On 22 Apr 2014, at 4:55pm, Dominique Devienne <ddevie...@gmail.com> wrote:

> Simply because of the extra space needed to store it. 36 bytes vs 16
> bytes. That's 20 wasted bytes for the PK, and everytime that PK is
> references in other tables' FKs too. Times millions of rows, it adds
> up, for nothing. The GUID is no less "genuine" as you put it, just
> because it's stored as a 16-bytes blob rather than the canonical
> 36-char text preferred by humans.

And if you use GUIDs a lot, make two functions for SQLite which convert to and 
from text form.  Loading external functions is something SQLite really is 
excellent at.


On 22 Apr 2014, at 5:57pm, Stephan Beal <sgb...@googlemail.com> wrote:

> http://www.w3.org/DesignIssues/Axioms.html#nonunique
> 
> In summary: the context of a GUID defines its "scope of required
> uniqueness," and a 16-byte GUID is essentially globally unique so long as
> it has no collisions within its context(s). (i.e. who cares if SHA1s
> collide, so long as it's not in the same repo?)

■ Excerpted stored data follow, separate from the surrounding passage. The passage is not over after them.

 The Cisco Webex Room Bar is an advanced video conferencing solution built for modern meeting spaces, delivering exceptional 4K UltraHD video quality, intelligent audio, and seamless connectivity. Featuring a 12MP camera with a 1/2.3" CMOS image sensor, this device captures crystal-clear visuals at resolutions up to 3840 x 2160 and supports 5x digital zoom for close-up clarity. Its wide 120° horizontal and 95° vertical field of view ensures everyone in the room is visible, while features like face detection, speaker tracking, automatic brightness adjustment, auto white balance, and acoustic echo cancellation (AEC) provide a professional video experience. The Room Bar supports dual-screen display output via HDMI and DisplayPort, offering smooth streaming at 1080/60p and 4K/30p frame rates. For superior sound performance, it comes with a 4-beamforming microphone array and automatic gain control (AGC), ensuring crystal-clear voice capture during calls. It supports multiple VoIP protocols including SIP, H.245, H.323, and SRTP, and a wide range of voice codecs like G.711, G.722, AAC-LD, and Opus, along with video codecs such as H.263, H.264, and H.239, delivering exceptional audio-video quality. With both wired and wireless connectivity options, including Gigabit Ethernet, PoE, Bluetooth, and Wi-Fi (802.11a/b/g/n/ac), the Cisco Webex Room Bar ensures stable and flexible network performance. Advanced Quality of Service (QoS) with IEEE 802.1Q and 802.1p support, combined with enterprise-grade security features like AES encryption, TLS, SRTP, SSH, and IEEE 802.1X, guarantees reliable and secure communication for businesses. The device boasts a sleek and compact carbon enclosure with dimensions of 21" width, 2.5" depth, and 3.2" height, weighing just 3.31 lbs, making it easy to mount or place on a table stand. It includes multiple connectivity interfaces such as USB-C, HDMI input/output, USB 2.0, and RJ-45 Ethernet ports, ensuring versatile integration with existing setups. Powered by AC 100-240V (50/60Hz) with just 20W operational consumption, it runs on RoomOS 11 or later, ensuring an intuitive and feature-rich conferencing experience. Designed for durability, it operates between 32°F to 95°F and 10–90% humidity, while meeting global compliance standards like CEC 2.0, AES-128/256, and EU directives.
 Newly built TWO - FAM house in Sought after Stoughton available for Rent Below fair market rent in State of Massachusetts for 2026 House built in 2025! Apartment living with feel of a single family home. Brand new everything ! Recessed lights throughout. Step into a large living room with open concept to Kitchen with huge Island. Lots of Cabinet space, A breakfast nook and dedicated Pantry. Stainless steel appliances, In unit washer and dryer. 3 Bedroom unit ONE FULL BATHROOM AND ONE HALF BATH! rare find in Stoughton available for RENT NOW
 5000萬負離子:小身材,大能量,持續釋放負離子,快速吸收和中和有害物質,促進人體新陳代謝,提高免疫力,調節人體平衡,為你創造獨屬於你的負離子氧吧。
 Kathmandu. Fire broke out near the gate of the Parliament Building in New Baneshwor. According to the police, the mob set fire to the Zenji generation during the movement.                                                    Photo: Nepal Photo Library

You might be interested in UUIDs, which define the scope and provide methods 
for presenting hashed, sequential and random GUIDs within that scope:

<http://en.wikipedia.org/wiki/Universally_unique_identifier>

Libraries are available for many languages to generate UUIDs under many of 
these schemes.


On 22 Apr 2014, at 6:57pm, RSmith <rsm...@rsweb.co.za> wrote:

> Just to add  - I cannot imagine why you would have dashes to start with

Take, for example, this GUID:

550e8400-e29b-41d4-a716-44de5544ac00

A program (or a TABLE) frequently handles many GUIDs which differ only in one 
of the fields.  For instance a program may have to represent a GUID externally 
(on the screen and output files) with the complete GUID, but it could store 
items internally (perhaps in a database) using only the last 12 hex digits, or 
as an integer up to 2^48.  Since it know that all people GUIDs start

550e8400-e29b-41d4-a716-

whereas all vehicles GUIDs start

550e8404-31e6-41d4-a716-

there is no need to store them all in a table where the column tells you 
definitively whether you're talking about a person or a vehicle.

When you're doing a lot of this sort of thing having the hyphens visible speeds 
up human time in figuring out what they're looking at.

Simon.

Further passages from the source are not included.